Prompt:
The answer must consist only of the lines in the records below from the line with "El proper 30" to the line with "Шуба из натурального", both included, copied word for word with every picture left out.

Dataset:
☆ ☆ ☆ ☆

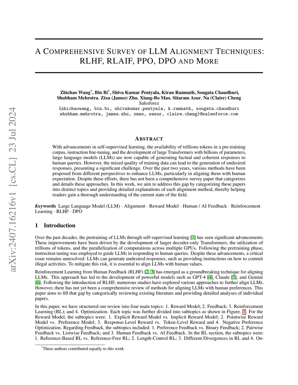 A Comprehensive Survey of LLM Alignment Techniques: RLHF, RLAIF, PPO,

☆ ☆ ☆ ☆

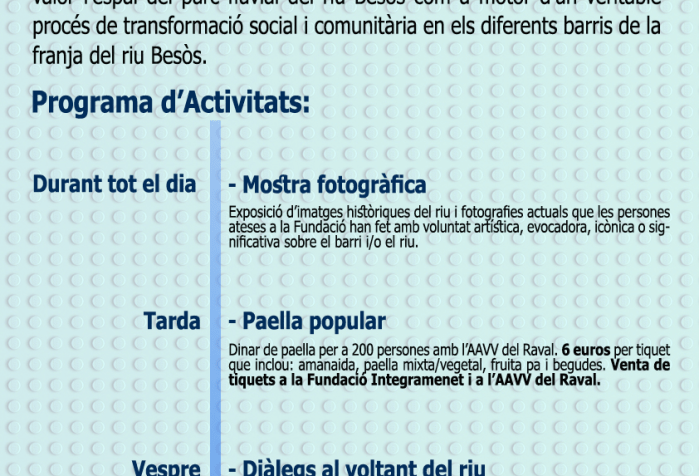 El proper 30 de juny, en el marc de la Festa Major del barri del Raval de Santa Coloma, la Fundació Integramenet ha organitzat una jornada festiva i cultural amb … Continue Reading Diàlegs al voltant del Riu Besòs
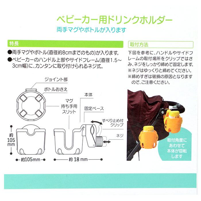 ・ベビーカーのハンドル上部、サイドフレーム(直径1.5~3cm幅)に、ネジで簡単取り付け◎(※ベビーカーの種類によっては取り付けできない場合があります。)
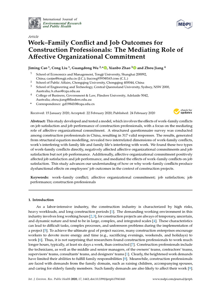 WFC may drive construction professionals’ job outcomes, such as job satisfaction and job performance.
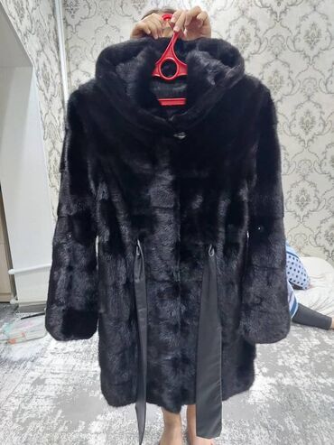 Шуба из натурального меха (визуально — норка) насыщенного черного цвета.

☆ ☆ ☆ ☆

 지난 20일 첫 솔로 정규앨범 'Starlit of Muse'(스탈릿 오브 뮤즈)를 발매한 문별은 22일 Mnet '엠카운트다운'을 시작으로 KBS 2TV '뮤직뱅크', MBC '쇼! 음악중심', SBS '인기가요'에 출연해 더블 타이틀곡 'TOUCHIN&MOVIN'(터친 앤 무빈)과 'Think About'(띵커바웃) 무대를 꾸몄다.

☆ ☆ ☆ ☆

Task output:
 El proper 30 de juny, en el marc de la Festa Major del barri del Raval de Santa Coloma, la Fundació Integramenet ha organitzat una jornada festiva i cultural amb … Continue Reading Diàlegs al voltant del Riu Besòs
 ・ベビーカーのハンドル上部、サイドフレーム(直径1.5~3cm幅)に、ネジで簡単取り付け◎(※ベビーカーの種類によっては取り付けできない場合があります。)
 WFC may drive construction professionals’ job outcomes, such as job satisfaction and job performance.
 Шуба из натурального меха (визуально — норка) насыщенного черного цвета.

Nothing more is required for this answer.